======== Data extract ========
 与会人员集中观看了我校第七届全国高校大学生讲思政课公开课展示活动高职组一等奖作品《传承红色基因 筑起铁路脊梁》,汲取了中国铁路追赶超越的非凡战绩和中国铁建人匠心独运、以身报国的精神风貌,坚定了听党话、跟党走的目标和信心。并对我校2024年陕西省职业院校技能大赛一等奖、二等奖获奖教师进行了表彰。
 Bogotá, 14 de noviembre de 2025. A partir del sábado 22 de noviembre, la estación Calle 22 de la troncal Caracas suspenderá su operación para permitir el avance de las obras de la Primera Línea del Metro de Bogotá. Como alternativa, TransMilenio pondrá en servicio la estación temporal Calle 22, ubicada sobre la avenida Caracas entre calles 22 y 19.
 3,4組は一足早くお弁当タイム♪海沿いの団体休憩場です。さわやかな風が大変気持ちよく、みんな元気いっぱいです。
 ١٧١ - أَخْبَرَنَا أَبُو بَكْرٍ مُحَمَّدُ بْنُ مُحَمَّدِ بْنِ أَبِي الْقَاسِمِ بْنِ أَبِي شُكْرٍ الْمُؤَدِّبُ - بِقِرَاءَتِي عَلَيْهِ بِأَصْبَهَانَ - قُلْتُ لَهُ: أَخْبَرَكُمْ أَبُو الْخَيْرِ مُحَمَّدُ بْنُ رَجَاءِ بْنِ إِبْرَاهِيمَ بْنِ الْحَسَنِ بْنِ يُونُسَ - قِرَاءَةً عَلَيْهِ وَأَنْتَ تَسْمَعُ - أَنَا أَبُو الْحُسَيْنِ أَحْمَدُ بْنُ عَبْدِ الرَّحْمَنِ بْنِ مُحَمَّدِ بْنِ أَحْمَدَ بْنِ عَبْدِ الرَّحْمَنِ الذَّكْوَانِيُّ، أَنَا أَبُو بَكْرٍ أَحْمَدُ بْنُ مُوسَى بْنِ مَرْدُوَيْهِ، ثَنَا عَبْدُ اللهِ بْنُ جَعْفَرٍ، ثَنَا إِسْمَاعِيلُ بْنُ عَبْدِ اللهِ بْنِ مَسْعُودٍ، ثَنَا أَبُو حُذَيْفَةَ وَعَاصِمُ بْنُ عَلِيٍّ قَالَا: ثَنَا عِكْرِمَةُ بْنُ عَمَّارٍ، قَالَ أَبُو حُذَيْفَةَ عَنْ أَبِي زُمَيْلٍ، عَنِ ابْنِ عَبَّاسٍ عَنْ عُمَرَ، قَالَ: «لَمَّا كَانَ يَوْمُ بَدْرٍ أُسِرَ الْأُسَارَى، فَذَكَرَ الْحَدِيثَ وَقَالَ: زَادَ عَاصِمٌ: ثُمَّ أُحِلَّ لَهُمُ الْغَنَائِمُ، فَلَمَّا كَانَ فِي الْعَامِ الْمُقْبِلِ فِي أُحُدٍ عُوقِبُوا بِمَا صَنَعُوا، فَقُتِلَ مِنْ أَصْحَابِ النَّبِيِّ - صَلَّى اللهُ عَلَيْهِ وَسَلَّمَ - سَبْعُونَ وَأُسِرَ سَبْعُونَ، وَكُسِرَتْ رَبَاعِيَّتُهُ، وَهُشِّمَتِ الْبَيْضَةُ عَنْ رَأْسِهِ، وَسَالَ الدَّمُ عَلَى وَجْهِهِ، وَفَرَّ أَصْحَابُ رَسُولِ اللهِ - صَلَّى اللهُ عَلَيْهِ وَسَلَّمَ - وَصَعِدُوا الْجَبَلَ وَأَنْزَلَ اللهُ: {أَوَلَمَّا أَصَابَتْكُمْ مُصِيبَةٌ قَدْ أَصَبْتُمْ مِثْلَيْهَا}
========
> _Exercise objective_: Starting at the line with "Bogotá, 14 de" and ending at the line with "3,4組は一足早くお弁当タイ", print each line of the listing above exactly, with no other lines.

> _Expected answer_:
 Bogotá, 14 de noviembre de 2025. A partir del sábado 22 de noviembre, la estación Calle 22 de la troncal Caracas suspenderá su operación para permitir el avance de las obras de la Primera Línea del Metro de Bogotá. Como alternativa, TransMilenio pondrá en servicio la estación temporal Calle 22, ubicada sobre la avenida Caracas entre calles 22 y 19.
 3,4組は一足早くお弁当タイム♪海沿いの団体休憩場です。さわやかな風が大変気持ちよく、みんな元気いっぱいです。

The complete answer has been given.